_Task instructions_
In this exercise, the entries below include pictures. Repeat exactly the lines from the line with "Loss before income" to the line with "ボンドを塗ってフェルトを敷き", including both, but without the pictures.
══ Records
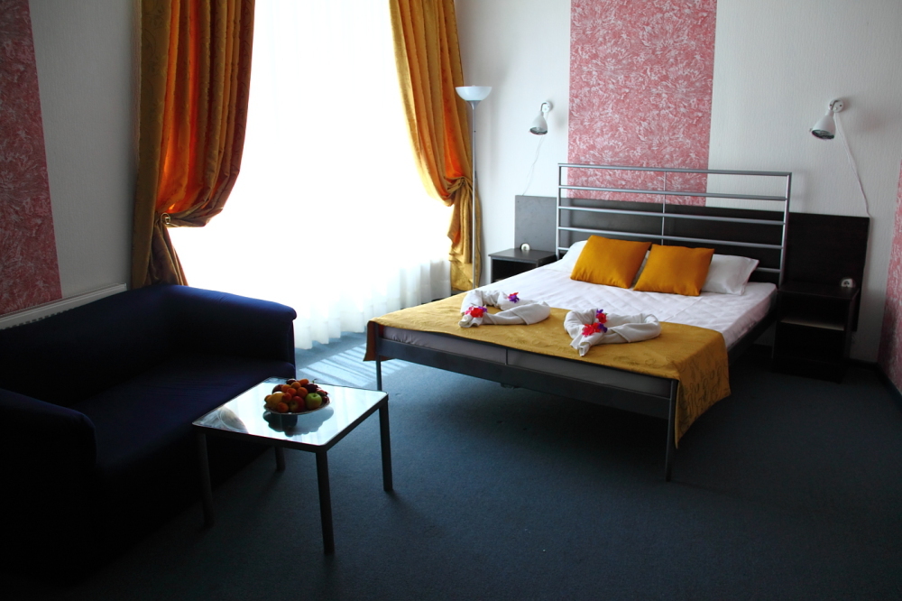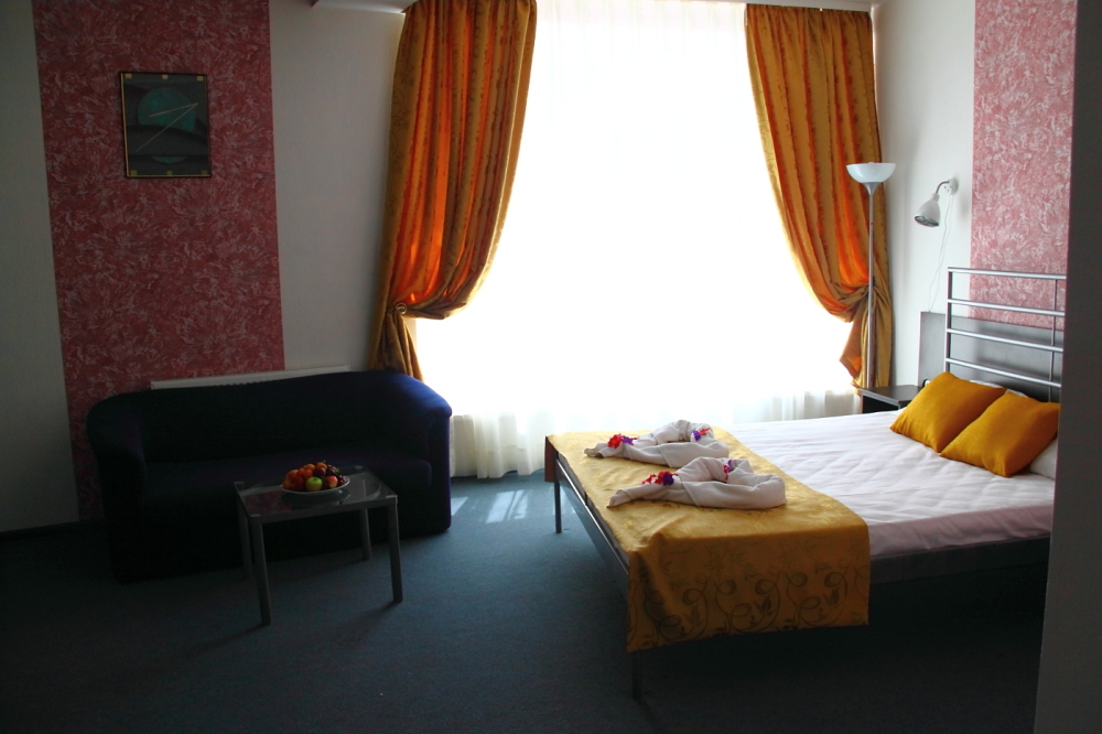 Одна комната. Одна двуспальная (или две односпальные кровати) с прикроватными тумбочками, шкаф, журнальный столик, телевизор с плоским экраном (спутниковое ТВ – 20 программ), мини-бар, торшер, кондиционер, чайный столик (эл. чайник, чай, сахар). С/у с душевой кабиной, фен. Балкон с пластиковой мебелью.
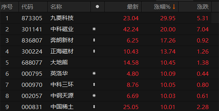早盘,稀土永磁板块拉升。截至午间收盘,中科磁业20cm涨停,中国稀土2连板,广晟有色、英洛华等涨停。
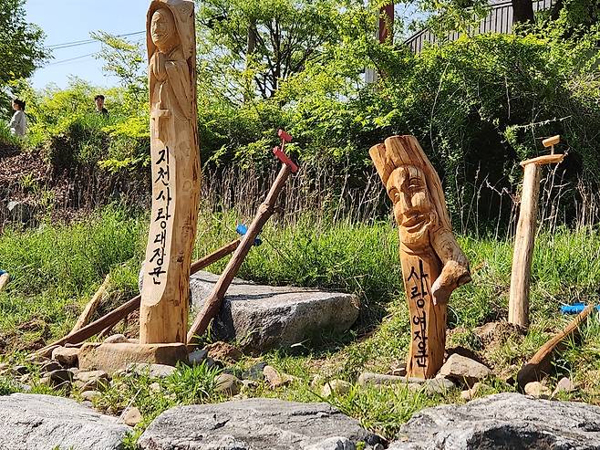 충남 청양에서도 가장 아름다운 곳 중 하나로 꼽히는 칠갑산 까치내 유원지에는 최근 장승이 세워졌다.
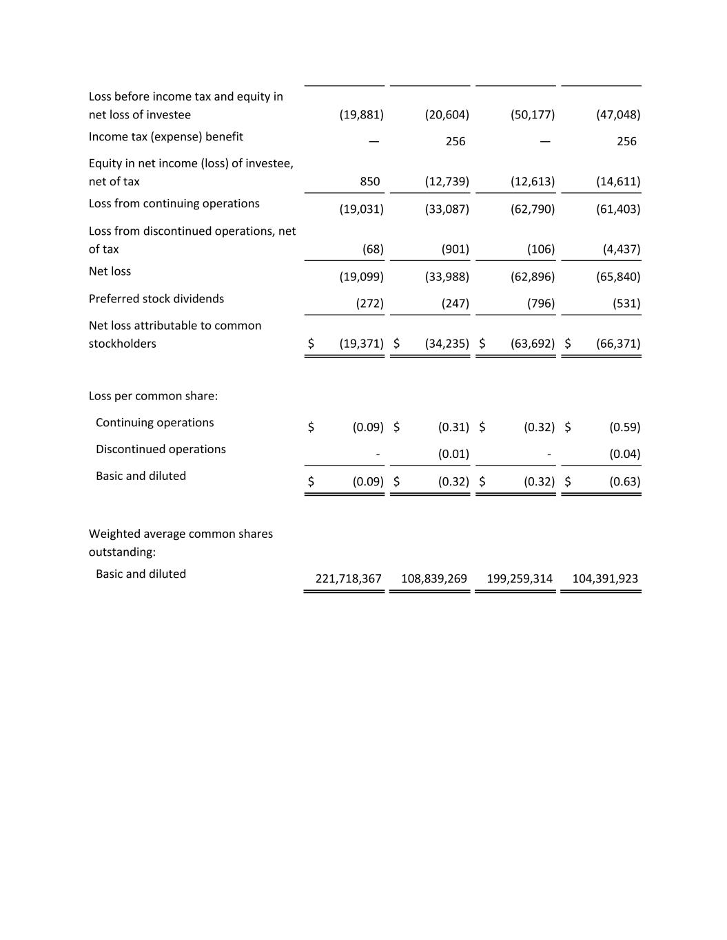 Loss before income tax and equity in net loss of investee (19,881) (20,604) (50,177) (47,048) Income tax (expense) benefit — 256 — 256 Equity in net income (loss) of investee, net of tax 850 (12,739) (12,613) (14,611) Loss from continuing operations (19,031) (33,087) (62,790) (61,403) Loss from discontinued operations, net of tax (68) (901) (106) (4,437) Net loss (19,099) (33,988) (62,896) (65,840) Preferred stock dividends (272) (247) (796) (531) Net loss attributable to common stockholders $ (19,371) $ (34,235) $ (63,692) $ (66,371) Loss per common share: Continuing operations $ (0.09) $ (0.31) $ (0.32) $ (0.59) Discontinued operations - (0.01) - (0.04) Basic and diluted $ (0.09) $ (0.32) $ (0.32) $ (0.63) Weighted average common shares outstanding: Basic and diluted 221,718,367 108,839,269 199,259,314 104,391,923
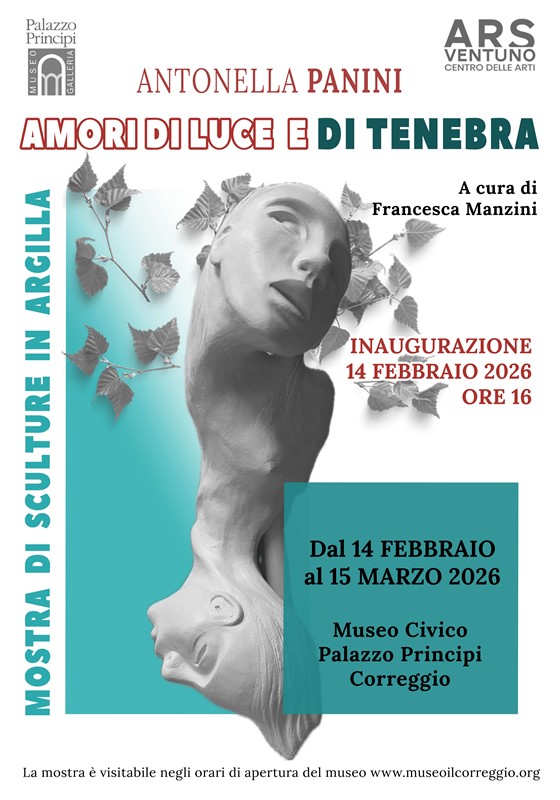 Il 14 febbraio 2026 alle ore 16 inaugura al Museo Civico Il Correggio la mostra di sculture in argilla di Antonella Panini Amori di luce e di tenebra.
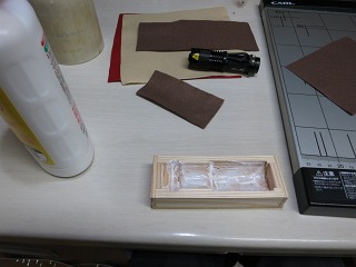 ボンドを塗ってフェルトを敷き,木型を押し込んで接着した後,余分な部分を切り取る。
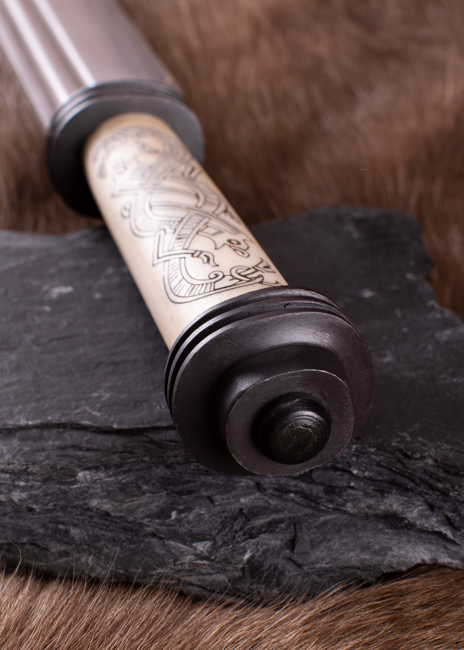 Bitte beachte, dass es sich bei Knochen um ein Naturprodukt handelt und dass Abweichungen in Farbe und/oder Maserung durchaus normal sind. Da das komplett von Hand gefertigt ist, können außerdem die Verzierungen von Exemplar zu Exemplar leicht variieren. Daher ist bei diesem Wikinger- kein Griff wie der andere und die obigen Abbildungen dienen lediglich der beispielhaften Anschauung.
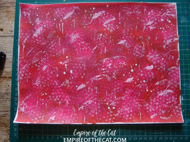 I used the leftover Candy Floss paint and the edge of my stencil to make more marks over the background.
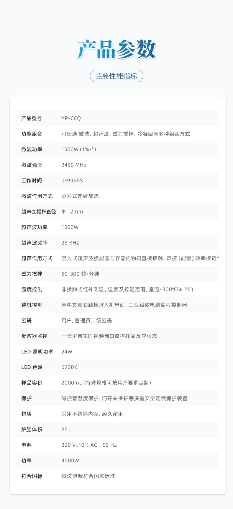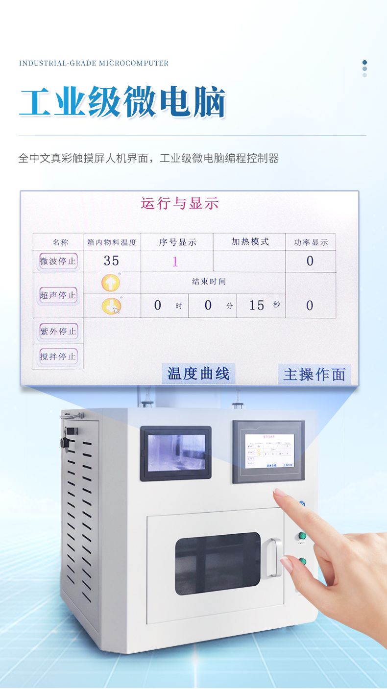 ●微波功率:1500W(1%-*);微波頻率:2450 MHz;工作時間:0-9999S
════
_Final answer_
 Loss before income tax and equity in net loss of investee (19,881) (20,604) (50,177) (47,048) Income tax (expense) benefit — 256 — 256 Equity in net income (loss) of investee, net of tax 850 (12,739) (12,613) (14,611) Loss from continuing operations (19,031) (33,087) (62,790) (61,403) Loss from discontinued operations, net of tax (68) (901) (106) (4,437) Net loss (19,099) (33,988) (62,896) (65,840) Preferred stock dividends (272) (247) (796) (531) Net loss attributable to common stockholders $ (19,371) $ (34,235) $ (63,692) $ (66,371) Loss per common share: Continuing operations $ (0.09) $ (0.31) $ (0.32) $ (0.59) Discontinued operations - (0.01) - (0.04) Basic and diluted $ (0.09) $ (0.32) $ (0.32) $ (0.63) Weighted average common shares outstanding: Basic and diluted 221,718,367 108,839,269 199,259,314 104,391,923
 Il 14 febbraio 2026 alle ore 16 inaugura al Museo Civico Il Correggio la mostra di sculture in argilla di Antonella Panini Amori di luce e di tenebra.
 ボンドを塗ってフェルトを敷き,木型を押し込んで接着した後,余分な部分を切り取る。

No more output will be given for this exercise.